**EXERCISE DETAILS**
Leave the pictures out and transcribe every record exactly.

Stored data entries
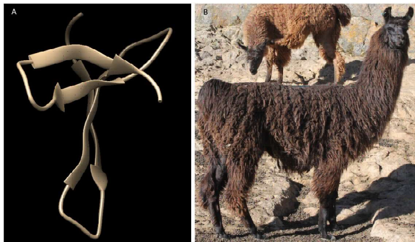
Figura 2. Composición de la isoforma corta de la proteína FGF5 (A) presente solo en las llamas Chak'u. (B). Cuando la proteína está afectada se observa un mayor crecimiento del vellón en comparación con su ancestro, el guanaco
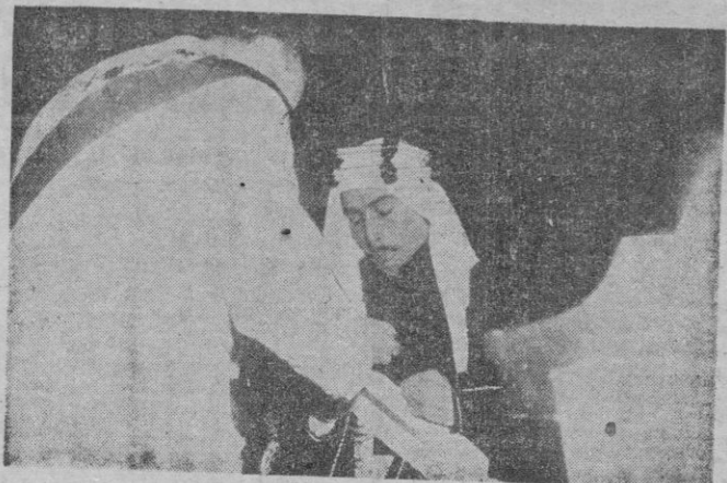
Animan. — El ministro de Asuntos Exteriores señor Martín Artajo, impone al Rey Talal de Jordania, la Gran Cruz del Mérito Militar, concedida por el Gobierno español.
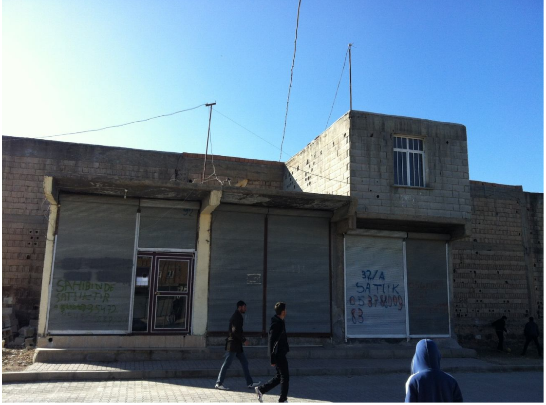
Şekil8. Eyyubiye'deki Evlere Bir Örnek
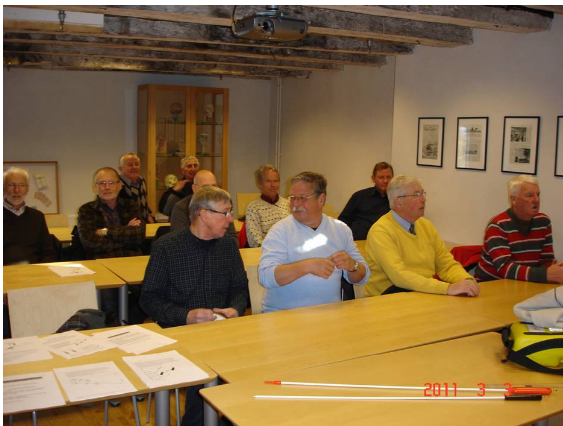
Intresserade Hjärt-Lung-Räddare samlade i "Finska Kyrkan" på Marinbasen
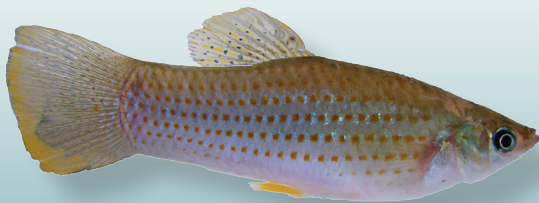
Poecilia mexicana Steindachner, 1863. topote del Atlántico
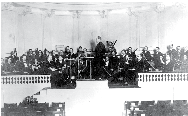
קונצרט איגוד התרבות היהודי בפרנקפורט

מסמכים בני תקופה מספקים הסבר להודעה מפתיעה ובלתי-צפויה זו: הינקל הושפע רבות מדעותיו האנטישמיות של אחד מתועמלני הנציונל-סוציאליזם הארסיים ביותר, אלפרד רוזנברג. רוזנברג דגל בדעה, שיש להציל את התרבות ה"ארית" מהשפעותיה המזיקות וההרסניות של התרבות היהודית. "היהדות מהווה סכנה מוחשית לרוח הגרמנית-הארית הטהורה". 19

**TASK SOLUTION**
Figura 2. Composición de la isoforma corta de la proteína FGF5 (A) presente solo en las llamas Chak'u. (B). Cuando la proteína está afectada se observa un mayor crecimiento del vellón en comparación con su ancestro, el guanaco
Animan. — El ministro de Asuntos Exteriores señor Martín Artajo, impone al Rey Talal de Jordania, la Gran Cruz del Mérito Militar, concedida por el Gobierno español.
Şekil8. Eyyubiye'deki Evlere Bir Örnek
Intresserade Hjärt-Lung-Räddare samlade i "Finska Kyrkan" på Marinbasen
Poecilia mexicana Steindachner, 1863. topote del Atlántico
קונצרט איגוד התרבות היהודי בפרנקפורט

מסמכים בני תקופה מספקים הסבר להודעה מפתיעה ובלתי-צפויה זו: הינקל הושפע רבות מדעותיו האנטישמיות של אחד מתועמלני הנציונל-סוציאליזם הארסיים ביותר, אלפרד רוזנברג. רוזנברג דגל בדעה, שיש להציל את התרבות ה"ארית" מהשפעותיה המזיקות וההרסניות של התרבות היהודית. "היהדות מהווה סכנה מוחשית לרוח הגרמנית-הארית הטהורה". 19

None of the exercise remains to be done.